I later asked him if it didn’t stick in his gullet to have to suck up to the Tories when they were simultaneously cutting his budget so savagely. He suggested it was a damn sight easier than trying to persuade some of his own political colour to move power from the centre to his city.

In September I met Jim O’Neill, the former Goldman Sachs bigwig most famous for coming up with the term “Brics” to describe the emerging economies of Brazil, Russia, India, China and South Africa.

Then at the helm of the City Growth Commission, this respected economist, a Mancunian, was clearly giving the devolutionary agenda serious thought, ruffling feathers by suggesting the 4 million-strong populations of Greater Manchester and Merseyside get over their differences and become the mightier “Manpool”. He didn’t see the northern powerhouse as a vote-grabbing gimmick – though the fact he was given a seat in the House of Lords on Thursday, when Osborne appointed him commercial secretary to the Treasury, suggests that while he’s a Manchester United supporter, he’s blue at the ballot box.

As summer turned into autumn and autumn into winter, Osborne kept coming back up north to put meat on the bones of his powerhouse skeleton. By the start of November, Leese and his counterparts at the other nine councils of Greater Manchester had dropped their opposition to having an elected mayor and were duly rewarded with a devolution deal, giving them control over their transport budget, a £300m housing investment fund, £500m of skills spending and other goodies.

By the end of February, the same gang had wrung an even bigger prize out of the Treasury: control of Greater Manchester’s entire £6bn health and social care budget, allowing them to work towards the long-held goal of integrating the two vital services.

Other city regions looked on jealously. Digging their heels in over the issue of elected mayors, South and West Yorkshire carved out wishy-washy deals with the Treasury which were deathly pale in comparison with that being celebrated and ever-embellished on the other side of the Pennines. With five years of majority Tory rule stretching out in front of them, it can’t be long before Yorkshire’s leaders cave in too.

As the Guardian’s northern editor, people keep asking why I think Osborne is bothering with all of this. It’s not exactly winning him votes. Any gains the Tories made in the north last week – notably in Morley and Outwood when Andrea Jenkyns booted out Ed Balls – were cancelled out by their losses.

In one of the more surreal moments during the election campaign, I ended up with Osborne in an ice-cream parlour in Cleveleys. I asked him whether the northern powerhouse was part of his long-term electoral plan to win parliamentary seats in the north of England.

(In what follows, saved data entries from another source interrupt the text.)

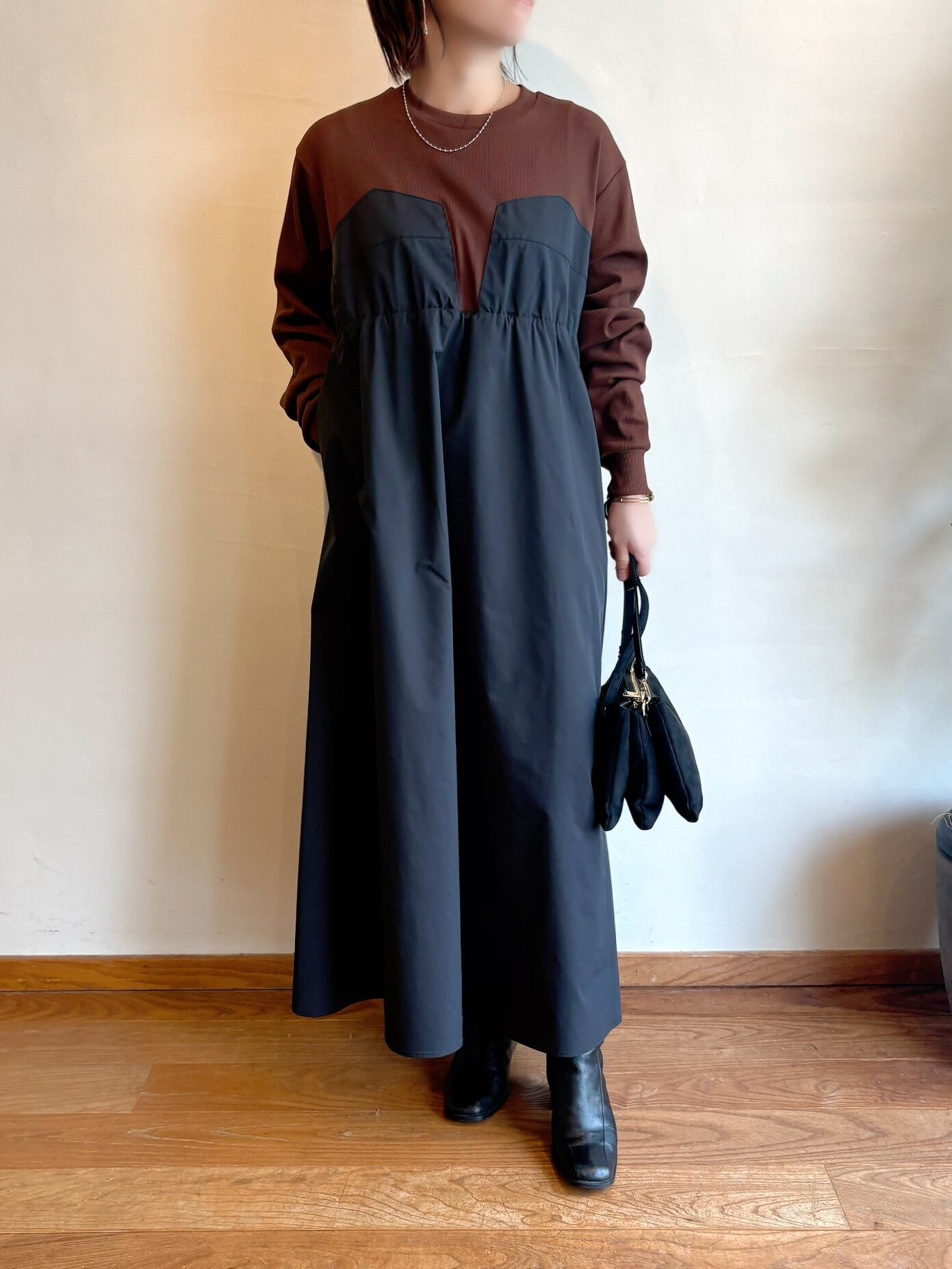 カットソー部分は、肌当たりの柔らかなリブを使用。ドレス部分は、軽やかで表面感のあるポリエステル素材を使用。エレガントでシワも目立ちにくく、ご家庭でも手洗いが可能なイージーケアなのもうれしいポイントです。ビスチェのような切替デザインで、ウエストは自然に細見えするよう、スタイルアップできる形に仕上げています。裾に掛けて広がるAラインのスカートは歩く度にゆれる女性らしいシルエット。背中部分は見た目にもかわいいシャーリングのゴム使いになっているので、着用時も締め付けられすぎず、着心地のいい仕上がりになっております。配色のステッチワークがアクセントを加えてくれます。
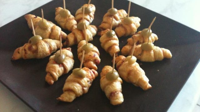 Poser sur une plaque et enfourner pour 15 minutes jusqu'à qu'ils soient bien dorés. Piquez une olive sur chaque croissants. Dégustez.
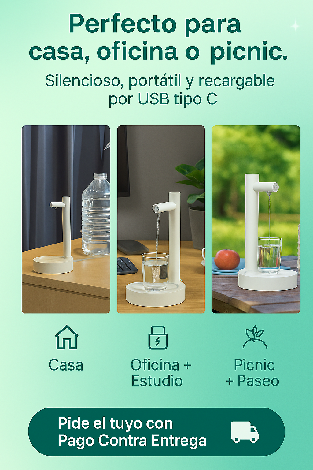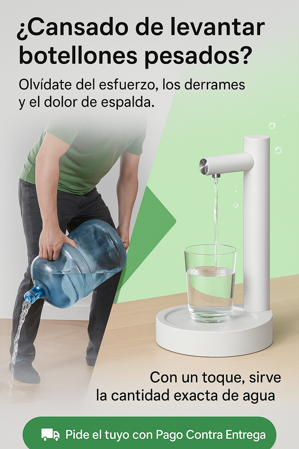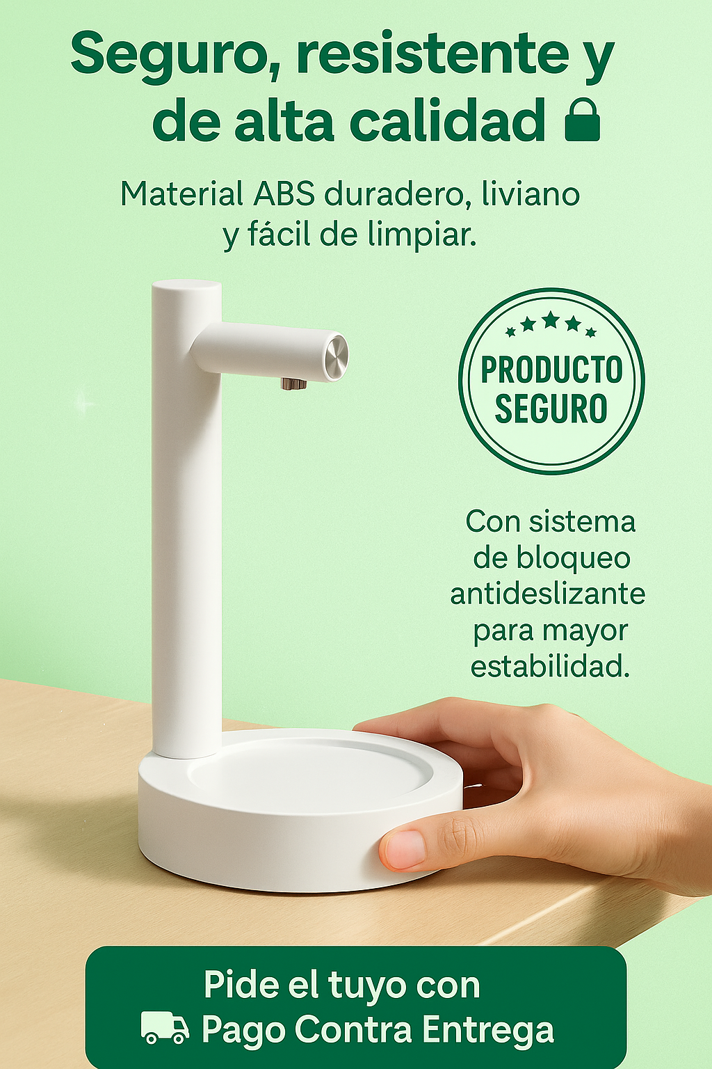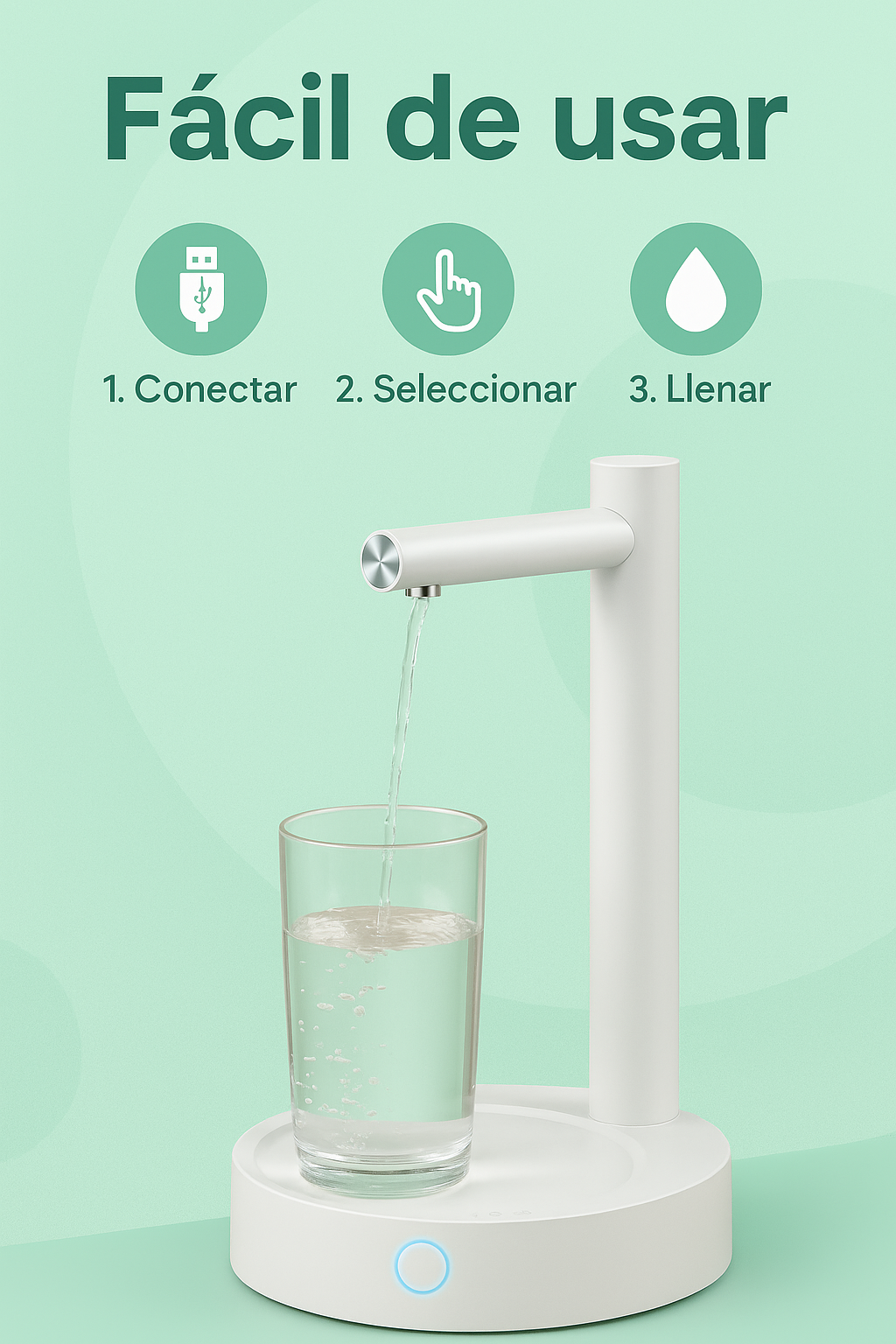 Solo debes conectar el tubo al garrafón, seleccionar la cantidad (100ml – 1000ml o flujo libre), presionar el botón LED… y el dispensador hará el resto.

He insisted not: “I’m a north-western MP. I grew up in London and I’ve seen myself that the country became too imbalanced and that we were reliant too much on the success of London, as important as that is, and on financial services.”

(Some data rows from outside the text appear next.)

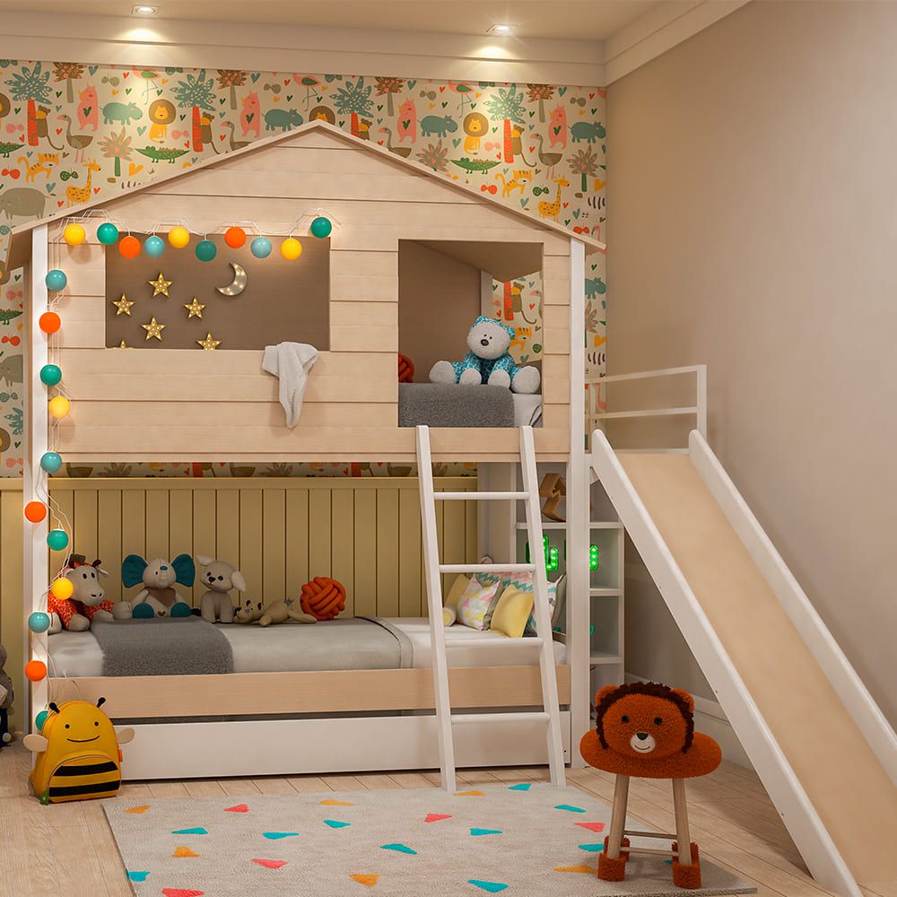 Solte a imaginação das crianças todos os dias com o Beliche Montessoriano Açai que traz uma casa na árvore alta como um açaizeiro.
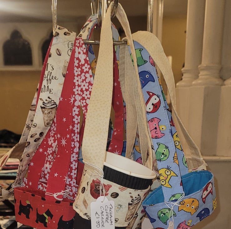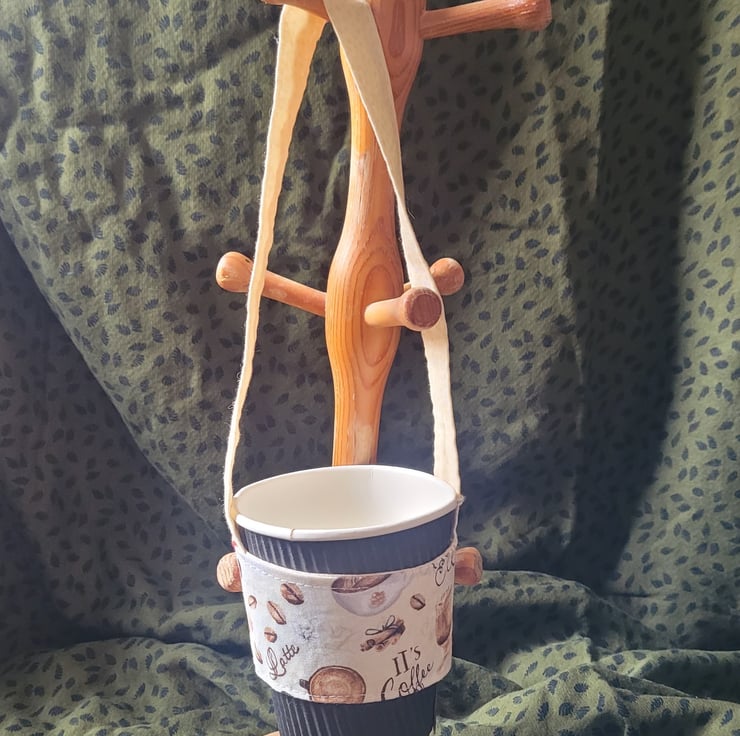 A handy carrier for takeaway coffees and other drinks. Carry several cups at once, each in it's own carrier. An easier way to do the coffee run, leaving your hands free for other things, like opening doors.
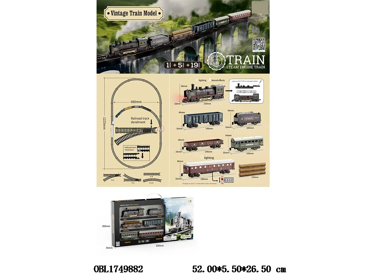 Electric rail train set with lighting and sound 2 * AA, no electricity included 1 carriage with lighting 3 * AG3/LR41, electricity included
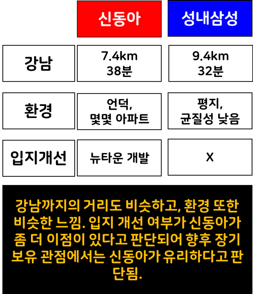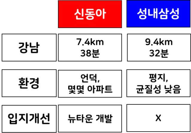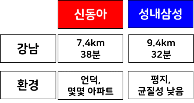 어떤 단지가 더 나은지를 적어보는 겁니다.

But he must know that if people have more money in their pockets they are statistically more likely to vote Conservative, and so a wealthier north means a stronger Tory party.

After almost a year of typing the words northern powerhouse, it was during hustings in Knutsford two weeks ago that I suddenly realised why Osborne was doing it. He wants it to be his legacy. Asked whether he planned to protect the greenbelt from what the questioner called “the relentless push for economic growth”, he cited Elizabeth Gaskell’s Cranford, which follows the campaign against building a railway from Manchester to Gaskell’s home town of Knutsford, immortalised in the novel as Cranford.

“That was, of course, in Victorian times but there was also a massive campaign against the M6 being built back several decades ago,” Osborne told a crowd of 200 at Tatton Academy. “Development is always controversial and there are always reasons people give for stopping it. But I don’t want to be part of a generation of Britons who gave up, who said ‘we’re not going to build anything any more’, who accepts it was in the past, when we built our roads, our railways that powered our economy forward and gave people a decent living.’ I don’t want to say to our children ‘that used to be us’.”